In effetti l’amico Giuliano in sella ad un’altra Dominator si “pianta” più volte, e si sa siamo enduristi, non lasceremmo mai nessuno in difficoltà. Aiutiamo e ci smazzoliamo qualche bella spinta e alla fine portiamo in cima, in modo separato sia Giuliano che la sua Honda.

Si prosegue, in fondo a noi piacciono anche questo tipo di percorsi, non solo strade bianche ma qualcosa anche di più piccante, che ci metta nella condizione di impegnarci anche nella guida.

Dopo un bellissimo tratto in discesa, impegnativo ma in questo caso con la possibilità di prendere una più facile deviazione, mettiamo le nostre ruote su un bellissimo tratto di asfalto, costeggiando il Fiume Santerno.

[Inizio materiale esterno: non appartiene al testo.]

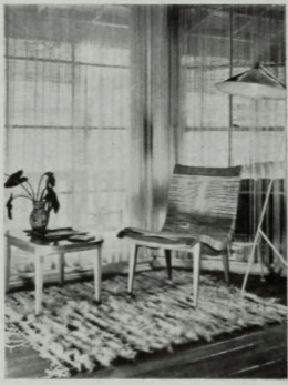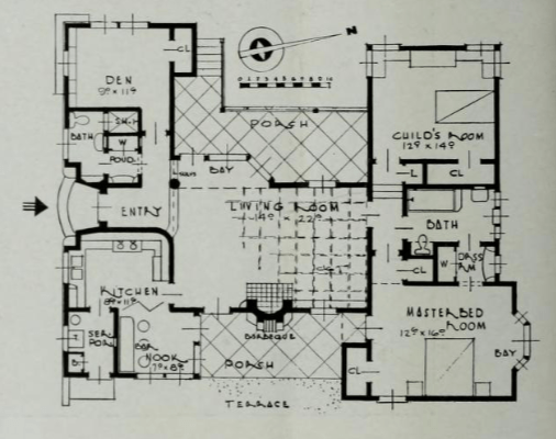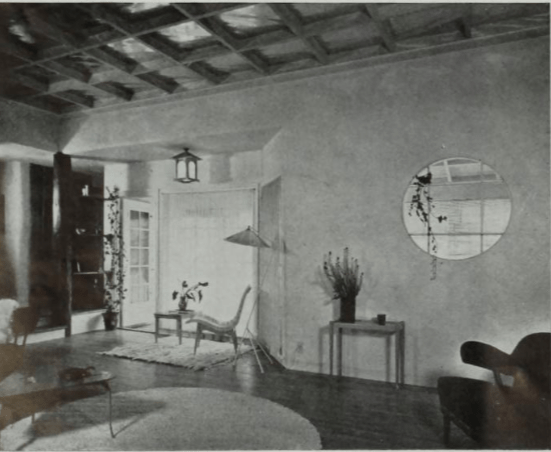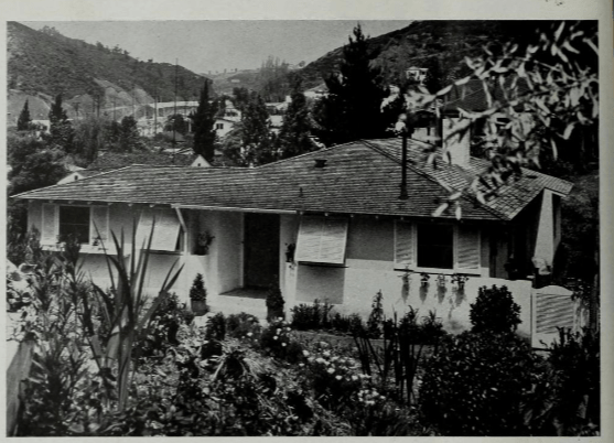 The one-story home consisted of a central living room with two porches on two sides, a kitchen with a breakfast nook, a den with adjoining bathroom, and in the back, two bedrooms and one bathroom. The home appeared in the September 1941 issue of California Arts & Architecture and was dubbed “Bermuda House”. Ralph A. Vaughn, one of the first well known African-American architects of the area designed the home, Greta Magnusson-Grossman decorated the interiors and Dunckley Murray was responsible for the exterior landscaping. According to the California Arts & Architecture article, the step-down living room had a ceiling of silver and blue hues with a sun porch in yellow and rattan along the west wall, featuring a 12 inch round post with flower shelves. The exterior trim, including the shutters are in off-white and east porch contains a barbeque area. There was a separate detached garage built on the property.

Qualche decina di chilometri di asfalto, nulla di più, per poi riimmergersi nel divertente e guidato tratto nel Parco Naturale di Roccamalatina.

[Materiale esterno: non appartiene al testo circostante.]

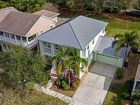 "AMAZING" DESCRIBES IT ALL!! Prepare to be inspired.. This signature property provides a comfortable, Key West type lifestyle with the perfect blend of functionality and impressive architectural detail. This meticulously maintained 4 bedroom, 2 1/2 bath, 2 car garage jewel, showcases 2320 sq ft of classic and charming living space. This two story is nestled back in the highly sought after MiraBay community in Apollo Beach. With its 24 hour gated security, this makes for a very secure neighborhood for all to enjoy. Upon entering the front door you will notice the gleaming hardwood floors that lend an air of spaciousness and historic charm to each room along with the tall baseboard, executive crown and trim package in the formal living room and dining room. With the kitchen being the hub of the home, you can enjoy your company at the breakfast nook while cooking and utilizing the stainless steel appliances. The guest bedroom and a spare bedroom upstairs lead out to a second story balcony where you can enjoy a cool fall day while catching up on your favorite novel. The master suite has his and her sinks. a spacious tub to soak in along with a walk in shower. Many of the components of this home have been updated, a few to include: Metal roof (2006), water heater (2020), exterior trim painted (2021), exterior main body (2018), inside repainted (2018), exterior porch ceiling panels and new fans (2021), two new ac units (2021) come with 10 year warranty. Some of the other hobbies many of the MiraBay home owners enjoy are: the community park, playground, tennis courts, full service gym and spa. The neighborhood clubhouse also features a heated resort style pool with water slide. The shopping, dining, and culture of Tampa and St. Petersburg are close by. When work is done, world-famous vacation destinations and some of Florida's most beautiful beaches are just a car ride away. Welcome home!!!!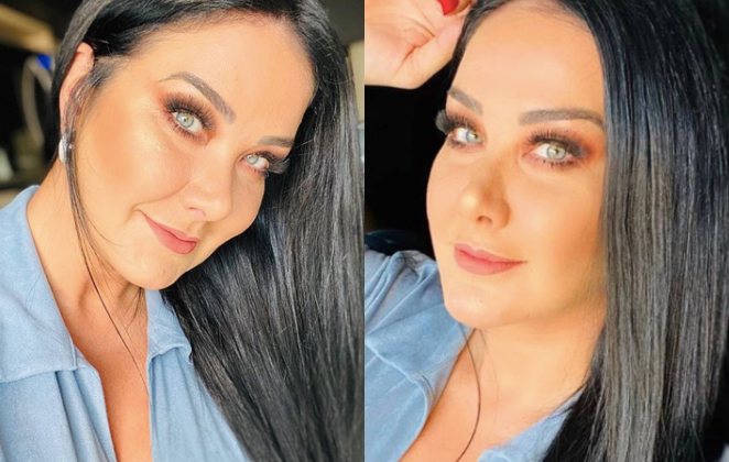 Com uma blusa azul que forma um decote bastante generoso e deixando parte do colo à mostra, a musa posou para algumas selfies toda produzida e maquiada.

Saliamo in un singolo track per infilarci nel sottobosco, seguiamo il tracciato con il nostro GPS, senza saremmo persi, ma incredibilmente usciamo vicino alla particolare Chiesa di Valmaggiore, con il tetto in vetro.

Qualche chilometro ancora e arriviamo alla pausa ristoro, dove ci attende un panino con una buonissima porchetta. Ci riposiamo un’oretta e dopo il caffè ci rimettiamo in sella alle nostre moto; ovviamente siamo tra gli ultimi e abbiamo il piacere e privilegio di essere scortati dalle scope dello staff. Come dire: “vi date una mossa”?

Ci arrampichiamo sul bellissimo Ponte degli Alidosi a schiena d’asino – Castel del Rio, e dopo qualche minuto ci infiliamo in uno dei tratti più lunghi e più belli di fuoristrada che si sviluppa sul costone della montagna, decisamente suggestivo con ampia veduto sul panorama e anche abbastanza facile.

Siamo sulla strada del ritorno, ma non prima di aver attraversato un impegnativo tratto con sassoni che costeggia le rive di un ruscello, per poi salire nuovamente sulle montagne e affrontare l’ultima parte panoramica del percorso, da cui possiamo osservare in una posizione privilegiata il Santuario del Monte delle Formiche.

Ed eccoci all’arrivo, dove ci attendono, in perfetto stile romagnolo, birra e piadina: perfetto.

Un bellissimo percorso, un’ottima organizzazione e oltre all’entusiasmo degli organizzatori.

Ci siamo divertiti tanto, sia nella guida ma anche per aver scoperto dei bellissimi posti da ritornarci. Ho già segnato in agenda casa farò nel 2021 a metà settembre.